EXERCISE DESCRIPTION
Everything from the line containing "A Helping Hand" to the last line of the records must be returned verbatim; nothing else belongs in the output.

RECORDS FOR THIS EXERCISE
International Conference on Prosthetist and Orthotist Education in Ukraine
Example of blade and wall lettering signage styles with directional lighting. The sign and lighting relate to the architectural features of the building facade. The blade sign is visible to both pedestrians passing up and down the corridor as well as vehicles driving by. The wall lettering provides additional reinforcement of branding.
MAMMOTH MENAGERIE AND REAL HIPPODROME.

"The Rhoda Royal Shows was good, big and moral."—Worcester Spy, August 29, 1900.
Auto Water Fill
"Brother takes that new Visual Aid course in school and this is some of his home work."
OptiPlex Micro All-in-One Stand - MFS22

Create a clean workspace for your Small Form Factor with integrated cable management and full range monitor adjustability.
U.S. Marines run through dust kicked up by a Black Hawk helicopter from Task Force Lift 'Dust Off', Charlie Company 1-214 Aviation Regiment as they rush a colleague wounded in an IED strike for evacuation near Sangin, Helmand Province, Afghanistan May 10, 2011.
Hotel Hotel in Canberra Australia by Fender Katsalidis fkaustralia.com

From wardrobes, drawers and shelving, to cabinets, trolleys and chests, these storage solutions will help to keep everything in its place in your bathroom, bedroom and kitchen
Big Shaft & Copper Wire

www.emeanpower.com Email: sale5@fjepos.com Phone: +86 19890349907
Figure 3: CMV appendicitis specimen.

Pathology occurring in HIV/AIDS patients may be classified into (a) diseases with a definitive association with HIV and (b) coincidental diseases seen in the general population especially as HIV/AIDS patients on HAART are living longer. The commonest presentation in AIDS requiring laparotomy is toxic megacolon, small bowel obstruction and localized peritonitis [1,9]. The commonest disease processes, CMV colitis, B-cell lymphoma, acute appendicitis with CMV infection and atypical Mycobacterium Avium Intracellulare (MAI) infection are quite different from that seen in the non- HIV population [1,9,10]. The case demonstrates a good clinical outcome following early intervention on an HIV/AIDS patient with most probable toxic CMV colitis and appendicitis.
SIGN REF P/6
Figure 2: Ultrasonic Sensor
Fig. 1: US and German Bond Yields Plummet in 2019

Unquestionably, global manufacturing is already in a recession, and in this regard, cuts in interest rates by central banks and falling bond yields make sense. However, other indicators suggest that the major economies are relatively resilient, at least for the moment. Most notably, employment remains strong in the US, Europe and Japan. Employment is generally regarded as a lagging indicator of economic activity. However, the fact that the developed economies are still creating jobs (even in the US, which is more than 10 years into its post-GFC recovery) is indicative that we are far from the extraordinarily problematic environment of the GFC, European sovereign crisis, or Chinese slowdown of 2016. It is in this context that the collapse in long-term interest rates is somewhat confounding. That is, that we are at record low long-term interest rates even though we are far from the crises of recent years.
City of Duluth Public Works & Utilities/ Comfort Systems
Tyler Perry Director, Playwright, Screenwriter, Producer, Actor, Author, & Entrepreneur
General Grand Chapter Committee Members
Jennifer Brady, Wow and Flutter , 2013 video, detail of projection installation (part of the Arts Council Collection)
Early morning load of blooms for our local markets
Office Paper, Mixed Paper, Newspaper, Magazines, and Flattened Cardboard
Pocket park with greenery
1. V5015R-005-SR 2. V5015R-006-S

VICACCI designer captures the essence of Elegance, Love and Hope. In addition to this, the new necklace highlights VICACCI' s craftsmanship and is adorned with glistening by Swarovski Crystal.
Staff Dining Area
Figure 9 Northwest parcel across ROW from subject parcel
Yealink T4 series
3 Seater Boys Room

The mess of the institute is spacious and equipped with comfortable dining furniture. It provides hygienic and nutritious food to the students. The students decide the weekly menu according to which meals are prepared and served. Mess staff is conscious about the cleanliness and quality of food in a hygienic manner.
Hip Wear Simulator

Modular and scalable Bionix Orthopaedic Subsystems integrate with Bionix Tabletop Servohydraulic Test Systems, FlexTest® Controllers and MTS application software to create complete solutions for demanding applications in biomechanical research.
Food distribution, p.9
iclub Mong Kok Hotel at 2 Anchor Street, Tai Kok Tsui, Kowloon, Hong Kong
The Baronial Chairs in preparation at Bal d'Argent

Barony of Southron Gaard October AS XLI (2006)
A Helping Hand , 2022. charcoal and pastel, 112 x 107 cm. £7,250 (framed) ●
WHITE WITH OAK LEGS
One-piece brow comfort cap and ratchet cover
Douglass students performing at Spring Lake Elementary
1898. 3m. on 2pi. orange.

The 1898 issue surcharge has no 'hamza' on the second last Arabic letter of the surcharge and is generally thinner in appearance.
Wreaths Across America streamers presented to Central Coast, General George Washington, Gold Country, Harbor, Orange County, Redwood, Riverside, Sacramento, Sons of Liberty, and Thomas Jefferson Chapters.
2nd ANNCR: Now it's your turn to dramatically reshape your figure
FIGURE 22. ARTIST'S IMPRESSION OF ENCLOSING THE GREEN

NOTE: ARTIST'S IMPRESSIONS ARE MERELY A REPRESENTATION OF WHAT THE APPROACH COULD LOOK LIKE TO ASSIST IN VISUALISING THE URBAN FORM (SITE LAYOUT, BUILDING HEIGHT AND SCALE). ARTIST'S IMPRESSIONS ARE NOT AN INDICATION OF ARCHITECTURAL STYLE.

ANSWER BELOW
A Helping Hand , 2022. charcoal and pastel, 112 x 107 cm. £7,250 (framed) ●
WHITE WITH OAK LEGS
One-piece brow comfort cap and ratchet cover
Douglass students performing at Spring Lake Elementary
1898. 3m. on 2pi. orange.

The 1898 issue surcharge has no 'hamza' on the second last Arabic letter of the surcharge and is generally thinner in appearance.
Wreaths Across America streamers presented to Central Coast, General George Washington, Gold Country, Harbor, Orange County, Redwood, Riverside, Sacramento, Sons of Liberty, and Thomas Jefferson Chapters.
2nd ANNCR: Now it's your turn to dramatically reshape your figure
FIGURE 22. ARTIST'S IMPRESSION OF ENCLOSING THE GREEN

NOTE: ARTIST'S IMPRESSIONS ARE MERELY A REPRESENTATION OF WHAT THE APPROACH COULD LOOK LIKE TO ASSIST IN VISUALISING THE URBAN FORM (SITE LAYOUT, BUILDING HEIGHT AND SCALE). ARTIST'S IMPRESSIONS ARE NOT AN INDICATION OF ARCHITECTURAL STYLE.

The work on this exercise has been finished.